On Mardi 7 Mai 2002 16:23, Paul Jakma wrote:
> hi,
>
> i have a problem with a Dell poweredge with onboard Intel eepro NICs.
>
> The network card basically doesnt work. The system logs are filled
> with:
>
> eepro100: wait_for_cmd_done timeout!
>
> and of course attendant "last message repeated x times". at less
> frequent intervals we get NETDEV watchdog messages:
>
> NETDEV WATCHDOG: eth0: transmit timed out
>
> always followed by an error message which may be descriptive:
>
> eth0: Transmit timed out: status 0090 0cf0 at 13
> 70/1430 command 000c0000
>
> the parameter following command is always 000c0000.
> the parameter following status varies between:
>
> 0050 0c80
> 0050 0cf0
> 0090 0c80
> 0090 0cf0
>
> distribution of the above is:
>
> 5 0050 0c80
> 227 0050 0cf0
> 22 0090 0c80
> 120 0090 0cf0
>
> the xxxxx/yyyyy number is always different.
>
> lspci of the network interfaces concerned:
>
> 00:01.0 Ethernet controller: Intel Corporation 82557 [Ethernet Pro 100]

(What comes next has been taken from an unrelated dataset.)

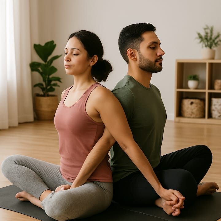 Esta práctica de yoga rejuvenecedora para parejas incluye posturas y técnicas de relajación diseñadas para fomentar el vínculo y aliviar el estrés.
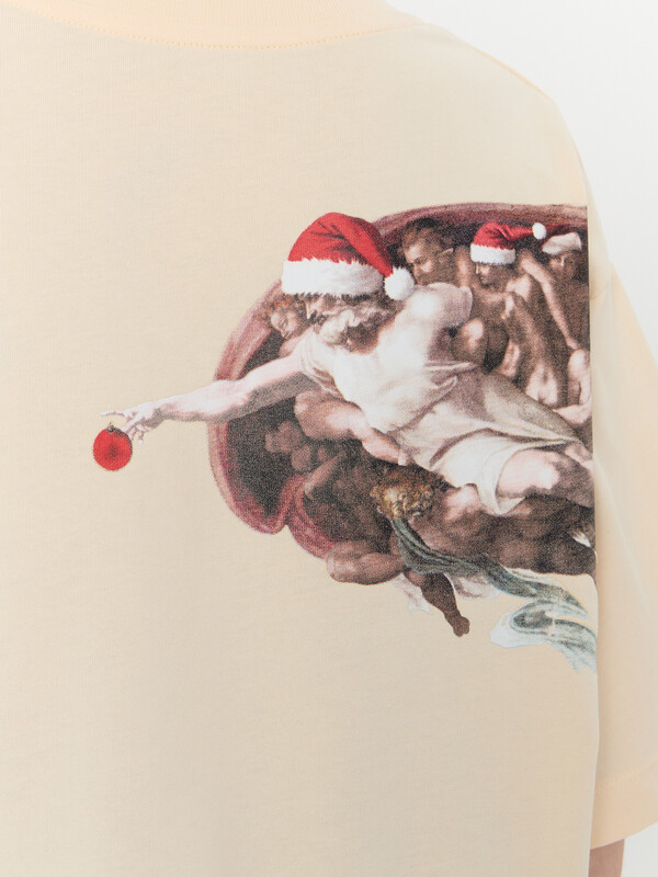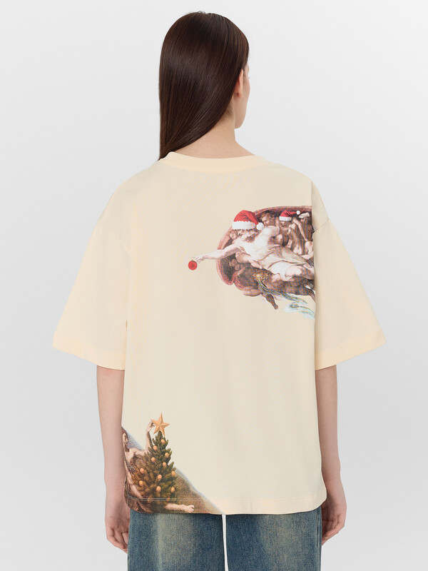 Свободный оверсайз крой со спущенным плечом и короткими рукавами формирует лёгкий и актуальный силуэт. Горловина отделана эластичной рибаной для удобной посадки. Все края аккуратно обработаны, что подчеркивает качество пошива и обеспечивает долговечность.

> (rev 08) Subsystem: Dell Computer Corporation: Unknown device 00da
> Control: I/O+ Mem+ BusMaster- SpecCycle- MemWINV+ VGASnoop- ParErr-
> Stepping- SERR+ FastB2B- Status: Cap+ 66Mhz- UDF- FastB2B+ ParErr-
> DEVSEL=medium >TAbort- <TAbort- <MAbort- >SERR- <PERR- Interrupt: pin A
> routed to IRQ 16
> Region 0: Memory at fe2ff000 (32-bit, non-prefetchable) [size=4K]
> Region 1: I/O ports at ecc0 [size=64]
> Region 2: Memory at fe100000 (32-bit, non-prefetchable) [size=1M]
> Capabilities: [dc] Power Management version 2
> Flags: PMEClk- DSI+ D1+ D2+ AuxCurrent=0mA
> PME(D0+,D1+,D2+,D3hot+,D3cold+) Status: D0 PME-Enable- DSel=0 DScale=2 PME-
> 00:02.0 Ethernet controller: Intel Corporation 82557 [Ethernet Pro 100]
> (rev 08) Subsystem: Dell Computer Corporation: Unknown device 00da
> Control: I/O+ Mem+ BusMaster- SpecCycle- MemWINV+ VGASnoop- ParErr-
> Stepping- SERR+ FastB2B- Status: Cap+ 66Mhz- UDF- FastB2B+ ParErr-
> DEVSEL=medium >TAbort- <TAbort- <MAbort- >SERR- <PERR- Interrupt: pin A
> routed to IRQ 17
> Region 0: Memory at fe2fe000 (32-bit, non-prefetchable) [size=4K]
> Region 1: I/O ports at ec80 [size=64]
> Region 2: Memory at fe000000 (32-bit, non-prefetchable) [size=1M]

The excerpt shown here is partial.